The hardships that helped make men of boys are very humorously and touchingly told in Belfast actor/writer Dan Gordon’s tale, drawn partly from the lives his father and grandfather spent working in the factory.

The “indenture” a 16-year old signed for the privilege of a five-year apprenticeship in exchange for a £5 deposit had connotations of slavery, between meager pay, readily forfeited for damages; the absence of sick time; and the understanding that anyone who claimed against the company for injury would be fired.

So, the initiation rite encompassed acceptance of the pecking order in what was at its height, the world’s biggest shipyard, employing 35,000 men. Naive newcomers were set tasks like collecting “a bucket of steam,” assigned nicknames, and eventually they adopted the company mythology as their own. For example, remarking of the Titanic, “she was alright when she left us.”

Anyone tired of hearing of the Titanic, after last year’s centenary celebrations, need not fear “The Boat Factory.” It’s very much about a way of life, rather than boats. Besides, the play notes, the Titanic was just one of 1,700 ships built at the yard (between 1861 and 1960), and not even its fastest.

All the history and sociology is built into the seams, as the play tells how Davy Gordon (Dan Gordon) came to the factory at 16 and worked alongside Geordie Kilkpatrick (Michael Condron), who would become his best friend in life.

The mechanistic way the story is told is part of its poetry. Philip Crawford directs with a staccato beat, evoking hammering, as playful interludes between the two characters are interspersed with technical descriptions—exhaustive classifications of types of steel or nails, seemingly straight from training manuals. The technique is well used when the emotive scene after a fatal accident “cuts” to a treatise on methods of securing hinges.

The simple set—scaffolding in front of a backdrop of the shipyard’s floor plan—also befits the type of thinking required at the shipyard.

When Davy (AKA Flash) Gordon’s doctor couldn’t give him a prognosis for his fatal lung condition (as asbestos, in fact, brought the demise of the playwright’s father), he was unimpressed. “We had to be right within 1/16 of an inch,” he said.

Gordon is great doing what anyone who has acted knows to be one of the hardest things to do: acting normal.
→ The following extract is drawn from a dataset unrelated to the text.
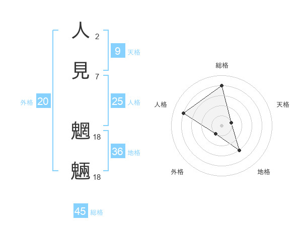 人見 魍魎さんの総格は45画の4点!

He is completely solid as an ordinary guy.

Condron didn’t open so strongly but went on to dazzle in 32 roles played (no significance, we’re told): among them as a nurse, a gay salesman and as Gustav Wolff, the shipyard’s German co-founder.

From global dominance in 1900, “the wee yard” wound up displaced in shipbuilding by the 1960s, and known as “the great white whale.”

There are many references to being swallowed by forces greater than us in this play. Whatever our fate, we can laugh as we ride the wave, it suggests. The colloquial language alone is a tonic, such as on Davy’s first day on the job. An unrequited kiss from an older woman “was like having your lips sucked through a letterbox by a camel,” he said.

“The Boat Factory” had its U.S. premiere as part of the Brits Off Broadway annual festival. After June 30, it sails on to parts of the Republic, including County Donegal for July 12.